EXERCISE DESCRIPTION: Before copying, remove every picture, and then repeat all entries below precisely as written.

DATA SHOWN:

-=-=-

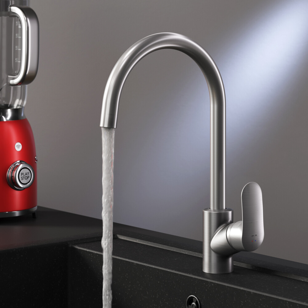 Плавное вращение поворотного излива в любом направлении обеспечивает непревзойденное удовольствие от использования и удобство в работе на кухне.
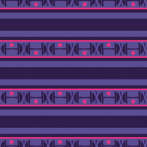 Inspired by Luisa's dumbbell skirt from the Disney hit Encanto, this pattern shows a purple and pink rows of little dumbbells.
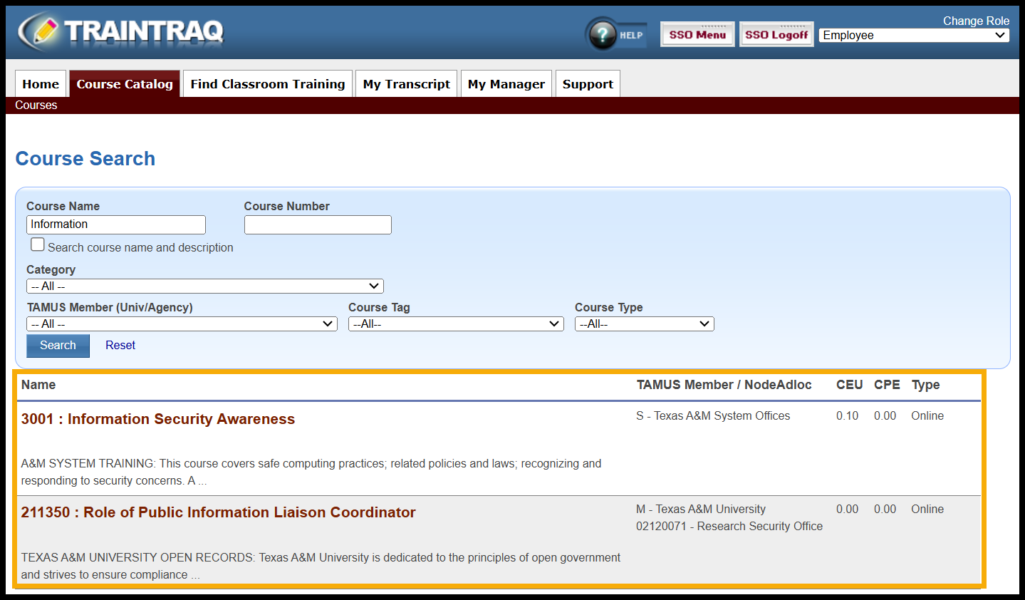 - Press Enter or select Search to display the results. The course listing displays the course number, name, description, owning TAMUS Member/NodeAdloc (Workstation), CEU credit, CPE credit, and course type for each course displayed.
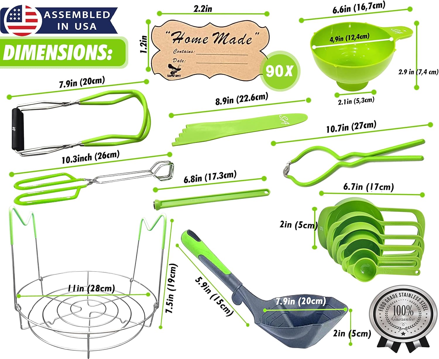 Supa Ant Canning Supplies Starter Kit- Canner Accessories with Canning Rack for Jars, XL Ladle,Wide Mouth Jar Funnel,Jar Lifter and Wrench,Bubble Popper/Measurer,Lid Lifter,Kitchen Tongs (Light Green)
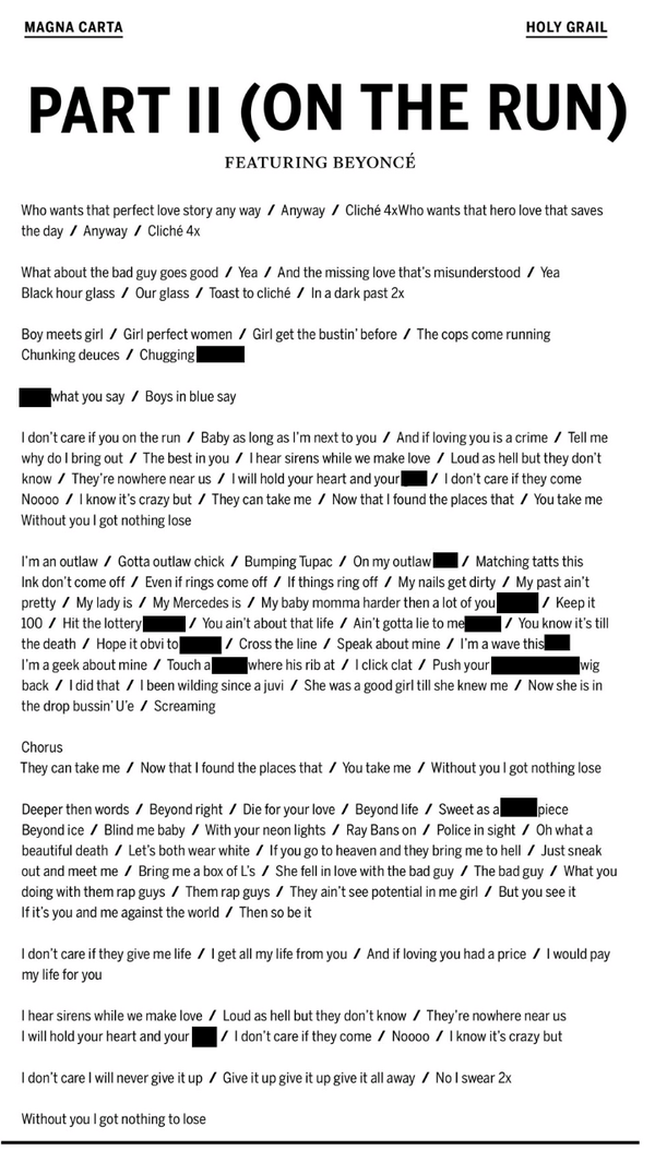 Depois de "Holy Grail" ao lado de Justin Timberlake e que trará um trecho da letra de "Smells Like Teen Spirit" do Nirvana, e "Heaven", que trás um trecho de "Losing My Religion" do R.E.M., chegou agora à internet a letra de "Part II (On The Run)".

-=-=-

RESULT OF THIS TASK:
 Плавное вращение поворотного излива в любом направлении обеспечивает непревзойденное удовольствие от использования и удобство в работе на кухне.
 Inspired by Luisa's dumbbell skirt from the Disney hit Encanto, this pattern shows a purple and pink rows of little dumbbells.
 - Press Enter or select Search to display the results. The course listing displays the course number, name, description, owning TAMUS Member/NodeAdloc (Workstation), CEU credit, CPE credit, and course type for each course displayed.
 Supa Ant Canning Supplies Starter Kit- Canner Accessories with Canning Rack for Jars, XL Ladle,Wide Mouth Jar Funnel,Jar Lifter and Wrench,Bubble Popper/Measurer,Lid Lifter,Kitchen Tongs (Light Green)
 Depois de "Holy Grail" ao lado de Justin Timberlake e que trará um trecho da letra de "Smells Like Teen Spirit" do Nirvana, e "Heaven", que trás um trecho de "Losing My Religion" do R.E.M., chegou agora à internet a letra de "Part II (On The Run)".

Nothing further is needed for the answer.